- EXERCISE DATA -
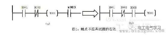 一,梯形階梯都是始于左母線,終于右母線(通常可以省掉不畫(huà),僅畫(huà)左母線)。每行的左邊是接點(diǎn)組合,表示驅(qū)動(dòng)邏輯線圈的條件,而表示結(jié)果的邏輯線圈只能接在右邊的母線上。接點(diǎn)不能出現(xiàn)在線圈右邊。如下圖(a)應(yīng)改為(b):
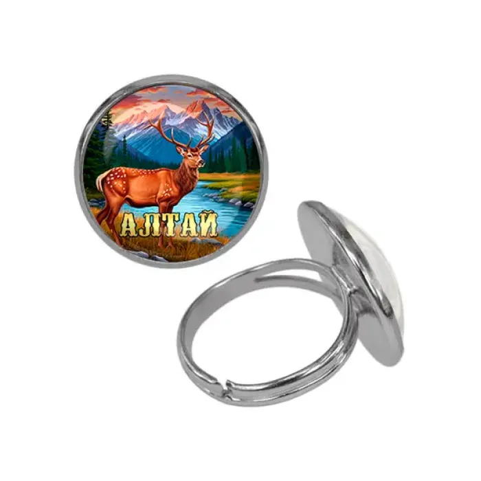 Металлическое кольцо серебристого цвета с изображением под выпуклой стеклянной линзой.
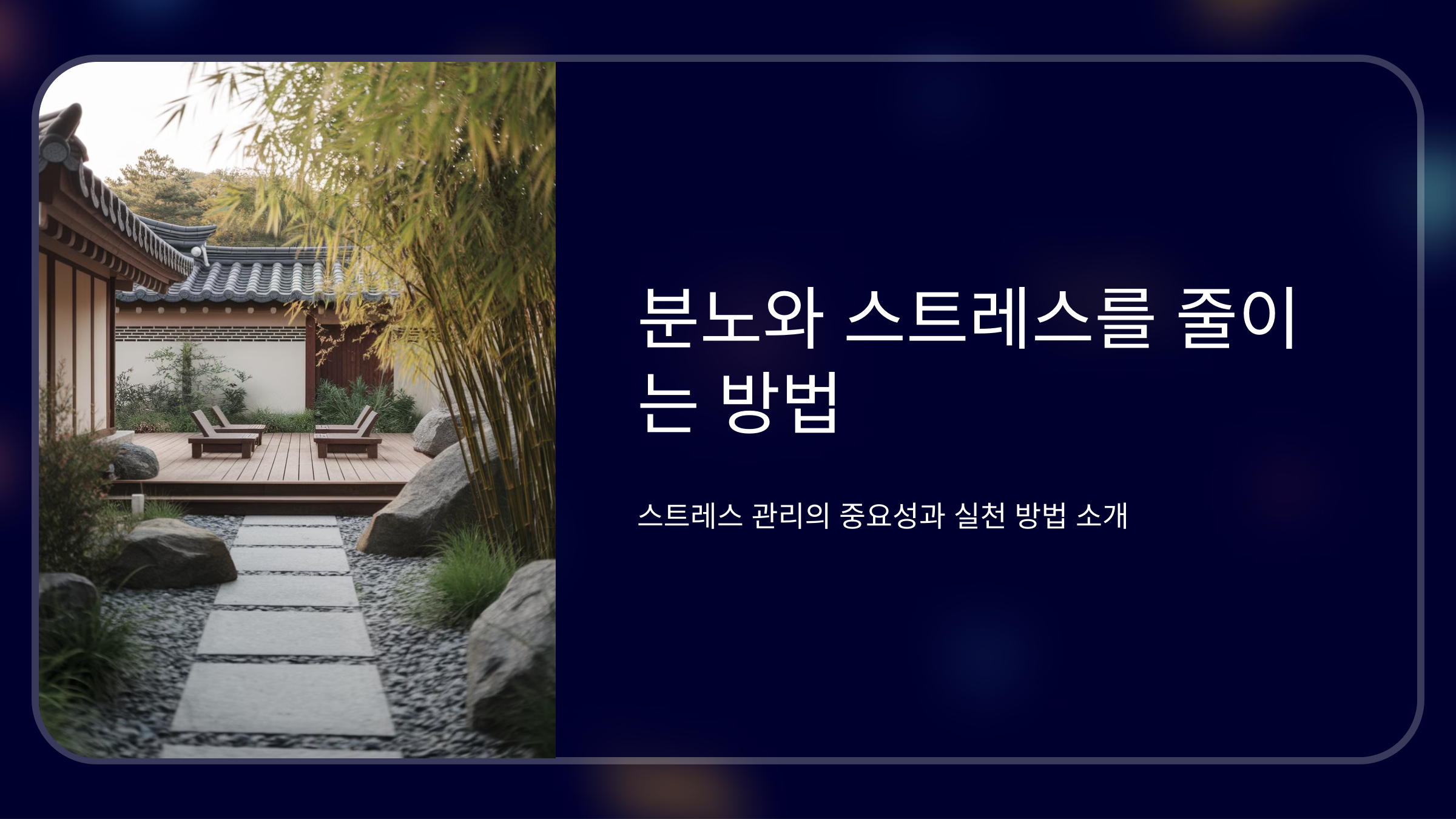 - 수면 부족은 스트레스를 더욱 악화시키므로 하루 7~8시간의 충분한 수면을 취하는 것이 중요합니다.
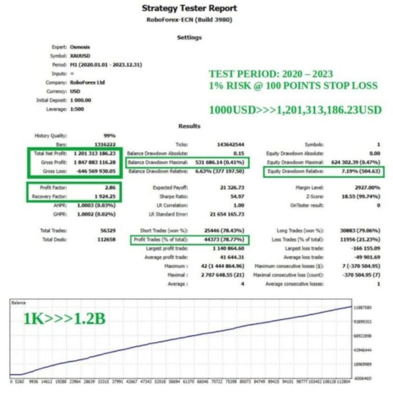 - Advanced Algorithm Utilization: Osmosis EA leverages a sophisticated dynamic price differential algorithm and market volume analysis to trade XAUUSD retracements effectively.
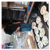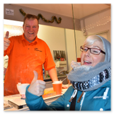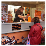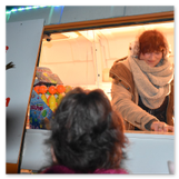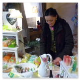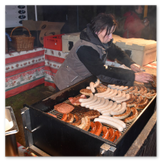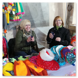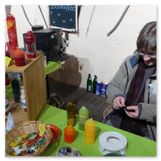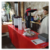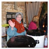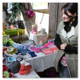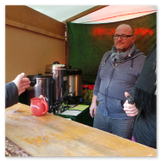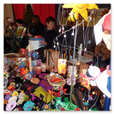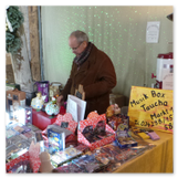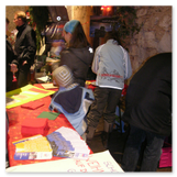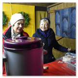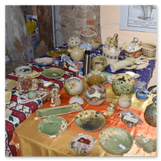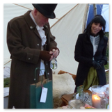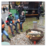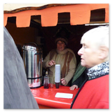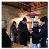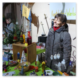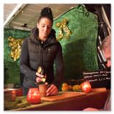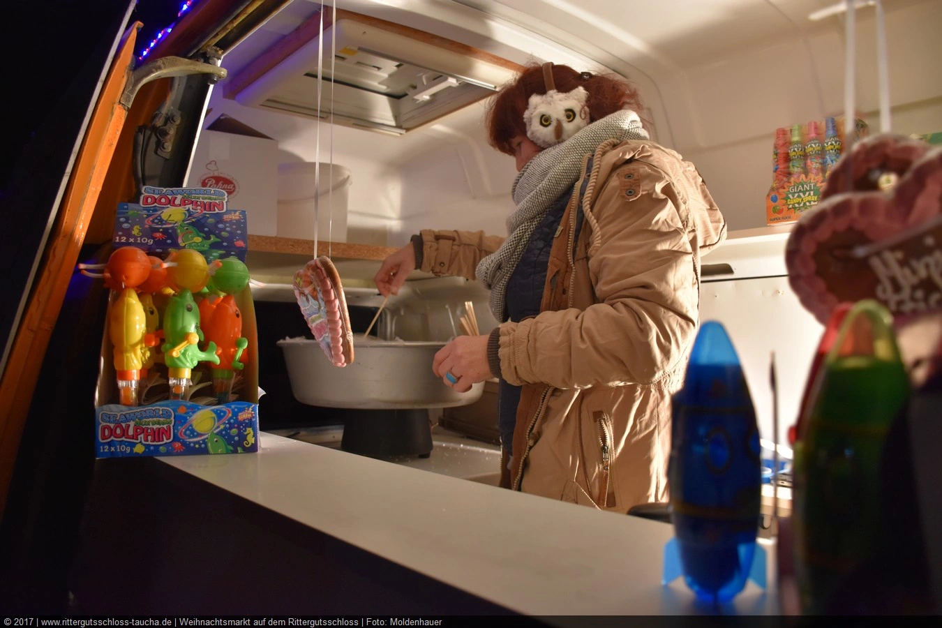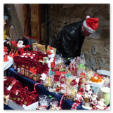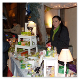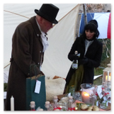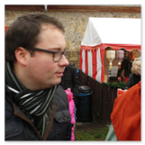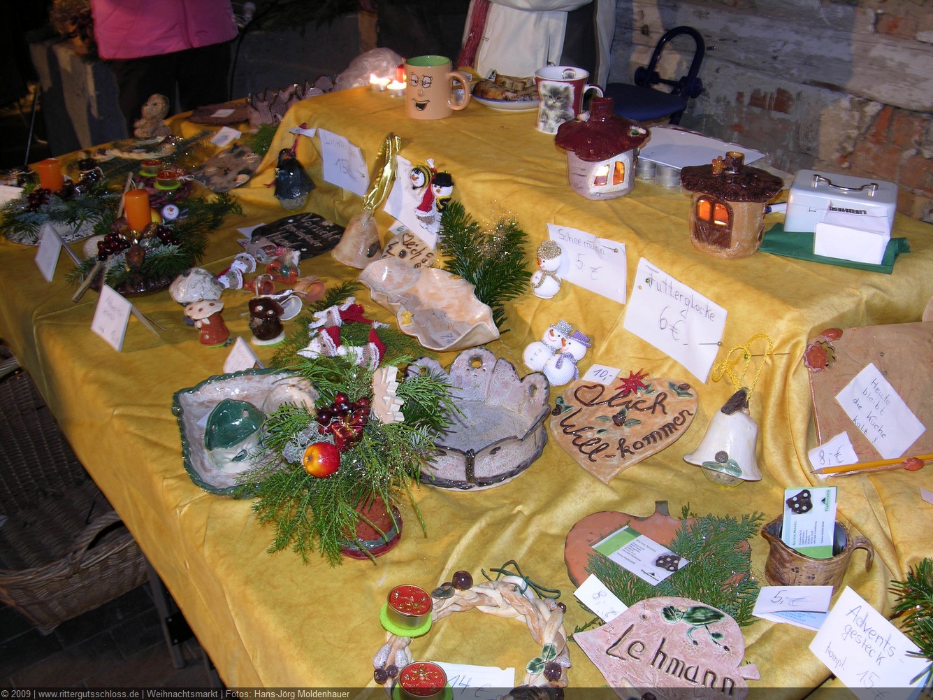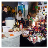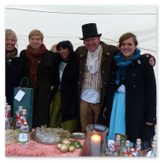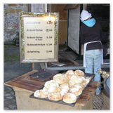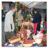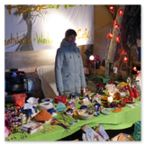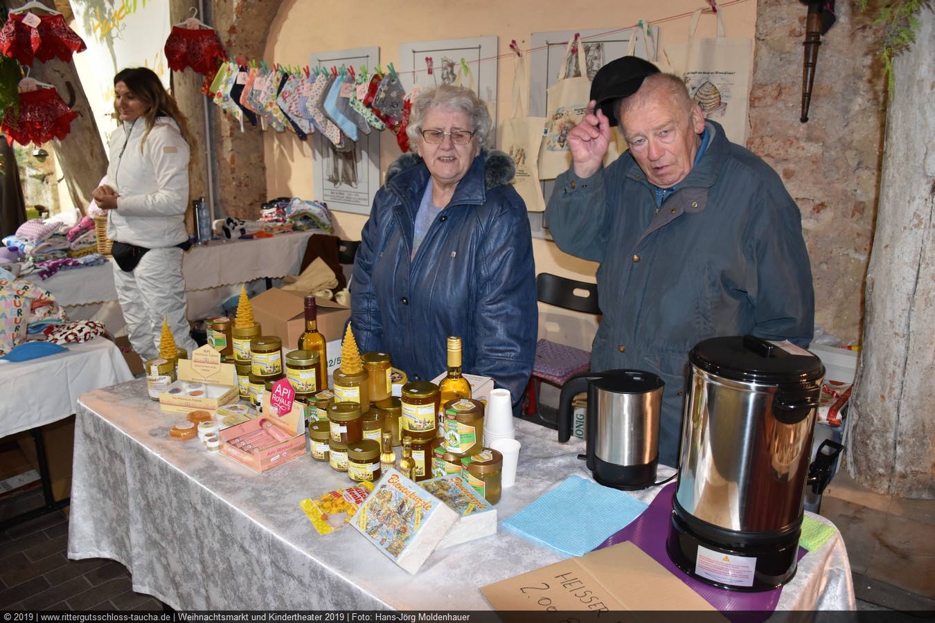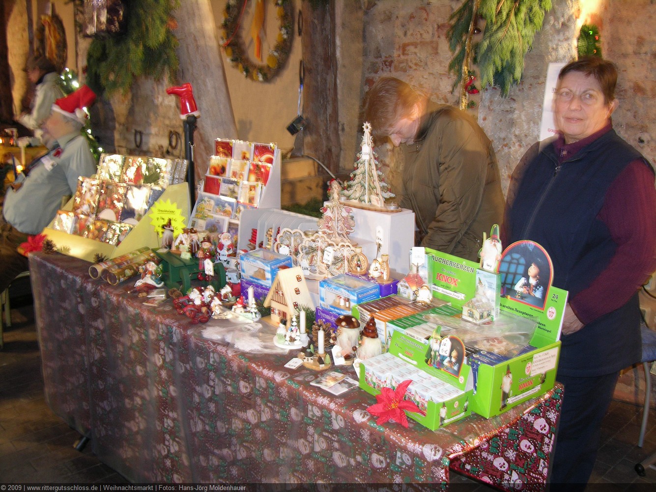Weiter ging´s zum Bastelstand. Während meine Enkelin eine Meisenglocke für unsere gefiederten Wintergäste im Garten herstellte, schaute ich mich an den zahlreichen Ständen in der Scheune um. Etwas fiel mir sofort auf: Die Freundlichkeit der Händler. Ob Strickwaren für den Winter, leckerer Honig aus einheimischer Produktion, ob gebrannte Mandeln oder Fettbemmchen aus der Schlossküche, ob handgezogene Kerzen oder Holzspielzeug aus dem Erzgebirge – alles war ansprechend dekoriert und wurde nett angeboten.

- EXERCISE DIRECTIONS -
When you reach the line holding "- 수면 부족은 스트레스를" in the listing above, begin retyping exactly, and stop once the line holding "- Advanced Algorithm" is done; pictures stay out.

- EXPECTED ANSWER -
 - 수면 부족은 스트레스를 더욱 악화시키므로 하루 7~8시간의 충분한 수면을 취하는 것이 중요합니다.
 - Advanced Algorithm Utilization: Osmosis EA leverages a sophisticated dynamic price differential algorithm and market volume analysis to trade XAUUSD retracements effectively.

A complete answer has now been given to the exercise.